--- Input data ---

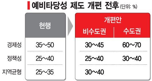[아시아경제 임철영 기자] 20년 만에 바뀐 예비타당성조사(예타) 제도는 예상대로 '균형발전'에 방점이 찍혔다. '주민의 삶의 질'에 기여하는 사회적 가치 평가를 한층 강화함에 따라 그동안 답보 상태를 보였던 수도권 교통 인프라 사업과 동해안고속도로, 부산 경부선 철도 지하화 등 지역 숙원 사업이 탄력을 받게 됐다.
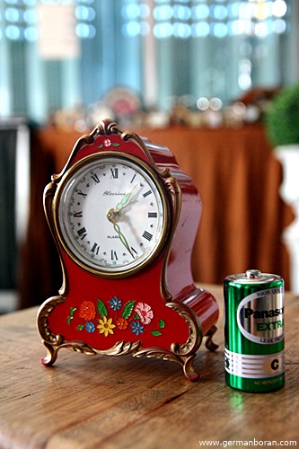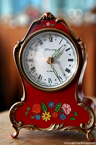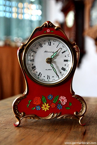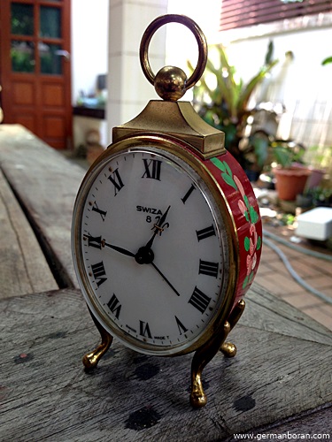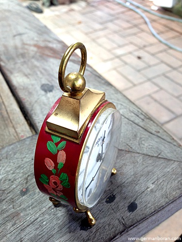 รหัส: D4_35 ข้อมูล: นาฬิกาปลุกไขลานเยอรมันโบราณ ยี่ห้อ Blessing ขนาด 8x11cm. ปลุกเสียงกล่องดนตรีสวิส ตัวเรือนเพ้นส์ลายดอกไม้งามๆ หน้าปัดจ๋วยๆ อายุ 4x-5x ปี น่าสะสมค้าบบบ  :-*
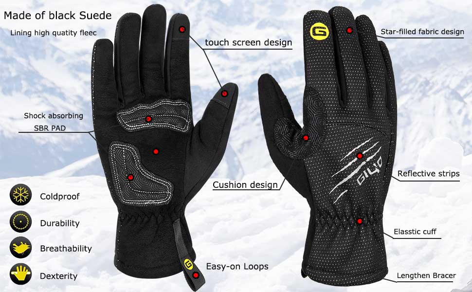【جيد التهوية والدافئ】- تم تصميم قفاز ركوب الدراجات المتين هذا للراكبين الملتزمين الذين يرغبون في البقاء دافئًا وجافًا في البرد، وهو نسيج مقاوم للرياح مبطن بالصوف على الجزء الخلفي من اليدين، ونخيل مبطن من الجلد السويدي والأصابع تمنع الهواء البارد من الوصول إلى يدك. اليدين أثناء التخلص من العرق لإبقائهما جافتين، بالإضافة إلى أن الإبهام يتميز بقماش ماص مثالي للاستخدام كممسحة للأنف أو لإزالة العرق.
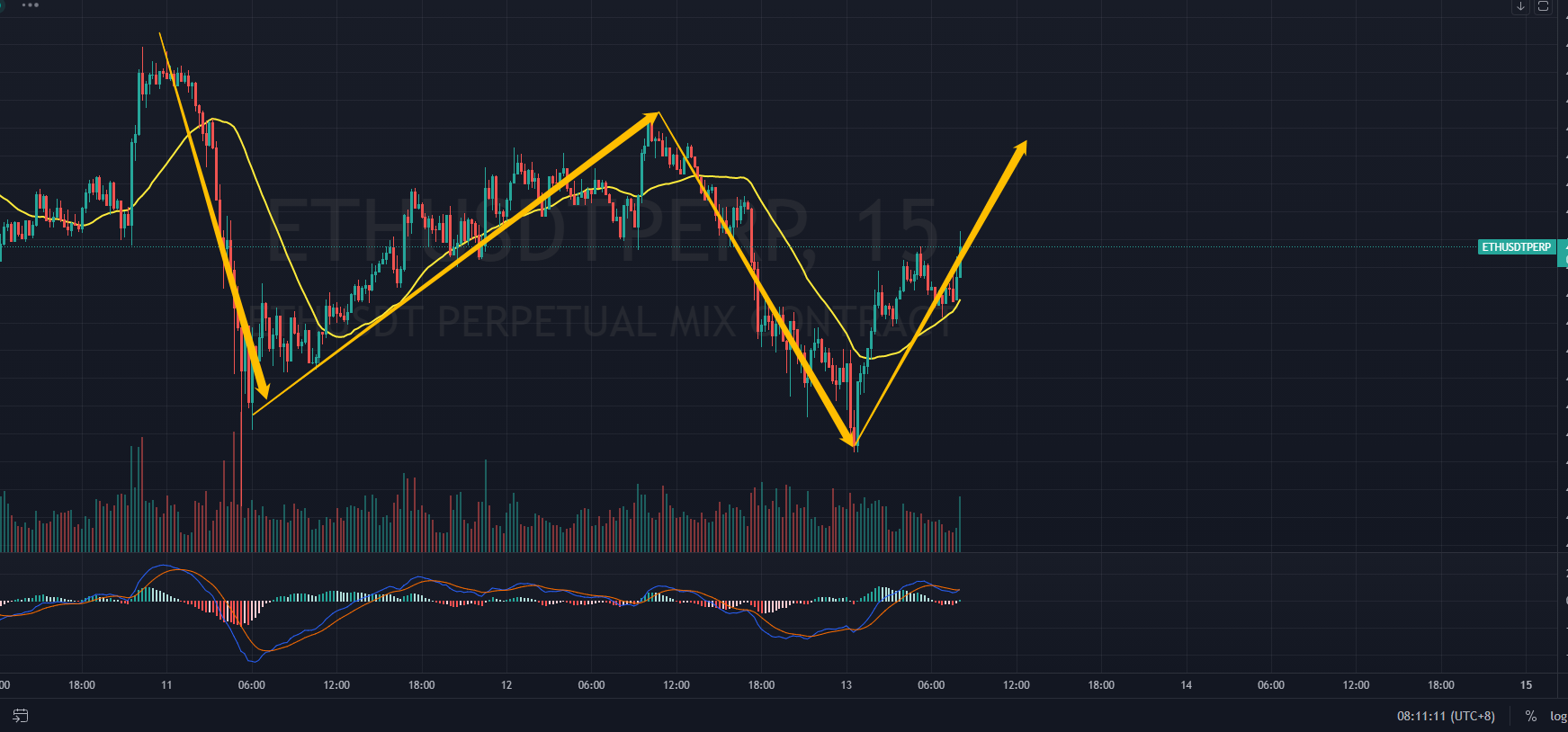 姨太15F的结构,姨太的结构还是如期,并没有跌破前面的低点,所以姨太依然还是要强于大饼太多,整体的话做多姨太的风险较低,能够获利概率大,而且空间足够,比大饼强势,目前姨太还是在运行这笔15F的上。
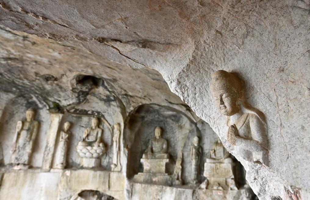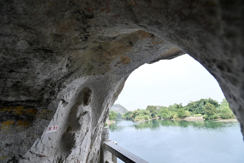 桂林市疊彩山の風洞の壁に彫られた仏像。(10月25日撮影、桂林=新華社記者/陸波岸)
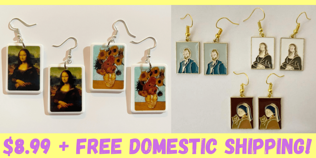 I am honestly still a little confused about all these different exhibits, and at this point, I want to go to all of them to see what the differences are. Can you ever get enough of Van Gogh? I don’t think so. Don’t forget to check out these $8.99 (plus free shipping) Van Gogh earrings by Oddity Cart. You can also buy them on Etsy. Oddity Cart has an earring for every occasion!
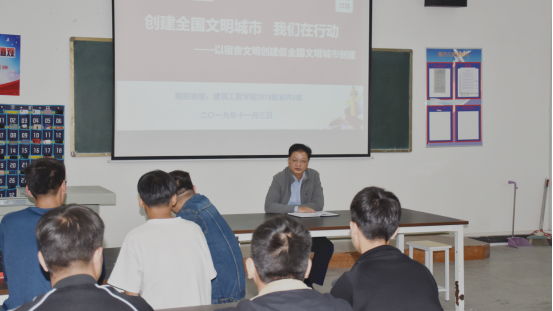 根据校党委“六个一工程”部署,扎实推进“不忘初心、牢记使命”主题教育,11月3日晚,校党委书记万国光率校办、组织部、宣传部、学工处等相关部门,专程来到我院深入联系我院2018级室内三班和学生宿舍,全程参加并指导该班的《创建全国文明城市 我们在行动》主题班会活动,了解学生学习和生活情况。

---

Without reproducing any picture, repeat exactly the lines from the one containing "أو لإزالة العرق." through the last line of the material above, both ends included.

【جيد التهوية والدافئ】- تم تصميم قفاز ركوب الدراجات المتين هذا للراكبين الملتزمين الذين يرغبون في البقاء دافئًا وجافًا في البرد، وهو نسيج مقاوم للرياح مبطن بالصوف على الجزء الخلفي من اليدين، ونخيل مبطن من الجلد السويدي والأصابع تمنع الهواء البارد من الوصول إلى يدك. اليدين أثناء التخلص من العرق لإبقائهما جافتين، بالإضافة إلى أن الإبهام يتميز بقماش ماص مثالي للاستخدام كممسحة للأنف أو لإزالة العرق.
 姨太15F的结构,姨太的结构还是如期,并没有跌破前面的低点,所以姨太依然还是要强于大饼太多,整体的话做多姨太的风险较低,能够获利概率大,而且空间足够,比大饼强势,目前姨太还是在运行这笔15F的上。
 桂林市疊彩山の風洞の壁に彫られた仏像。(10月25日撮影、桂林=新華社記者/陸波岸)
 I am honestly still a little confused about all these different exhibits, and at this point, I want to go to all of them to see what the differences are. Can you ever get enough of Van Gogh? I don’t think so. Don’t forget to check out these $8.99 (plus free shipping) Van Gogh earrings by Oddity Cart. You can also buy them on Etsy. Oddity Cart has an earring for every occasion!
 根据校党委“六个一工程”部署,扎实推进“不忘初心、牢记使命”主题教育,11月3日晚,校党委书记万国光率校办、组织部、宣传部、学工处等相关部门,专程来到我院深入联系我院2018级室内三班和学生宿舍,全程参加并指导该班的《创建全国文明城市 我们在行动》主题班会活动,了解学生学习和生活情况。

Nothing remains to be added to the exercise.